**Records for this task:**

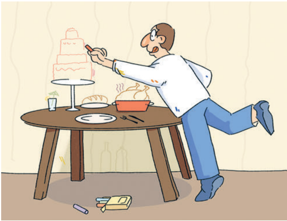
ИЛЛЮСТРАЦИЯ НАСТАСИЯ КОВАЛЕВСКАЯ

На днях президент Владимир Путин заявил, что Россия вошла в мировой топ экспортеров продуктов питания. А ведущими импортерами российской сельскохозяйственной продукции в минувшем году стали Китай (7,6 млрд долларов) и Турция (5 млрд), следом идут Казахстан (3,3 млрд), Белоруссия (2,8 млрд) и Египет (2,5 млрд долларов). Наибольшую долю в стоимостном объеме экспорта российских продуктов по итогам 2023 года занял экспорт зерновых (37,4%), далее следуют масложировая (19,5%) и прочая продукция АПК (15%), рыба и морепродукты (12,5%), продукция пищевой и перерабатывающей промышленности (11,5%), мясная и молочная продукция (4,2%). Это, конечно, замечательно, что наша страна кроме нефти и газа может поставлять за рубеж и другую жизненно важную продукцию. И бюджет пополняется за счет налоговых и таможенных платежей. Но как это отражается на кошелках граждан и на разнообразии и доступности продуктов питания россиян?
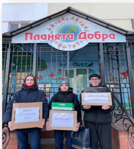
ОО для детей с ОВЗ «Планета добра»
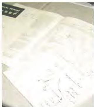
「今いちばん興味があるのは超伝導です」——物理の世界への興味は尽きない
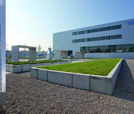
Burgdorf, Roche Diabetes Care
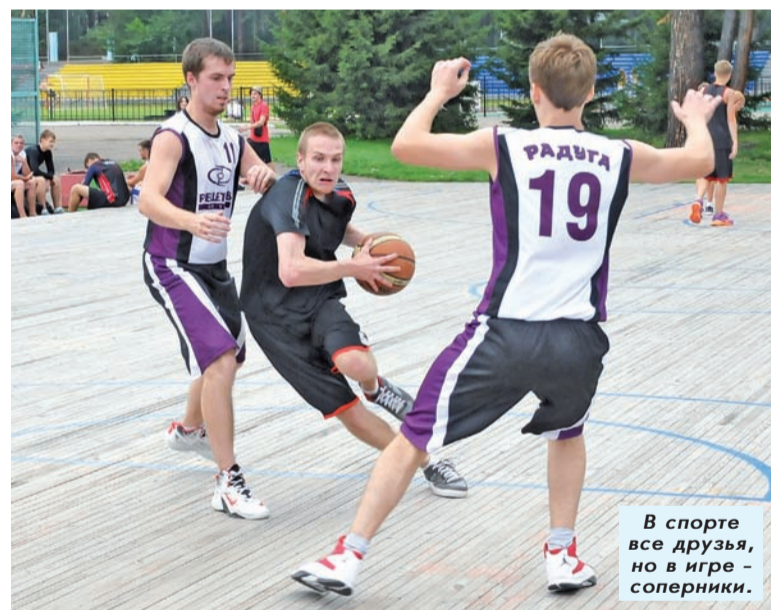
В спорте все друзья, но в игре – соперники.

**To do:**
Write out exactly the lines from the one containing "Burgdorf, Roche Diabetes Care" through the last line of the records above, both ends included, and leave out any pictures.

**Completed exercise:**
Burgdorf, Roche Diabetes Care
В спорте все друзья, но в игре – соперники.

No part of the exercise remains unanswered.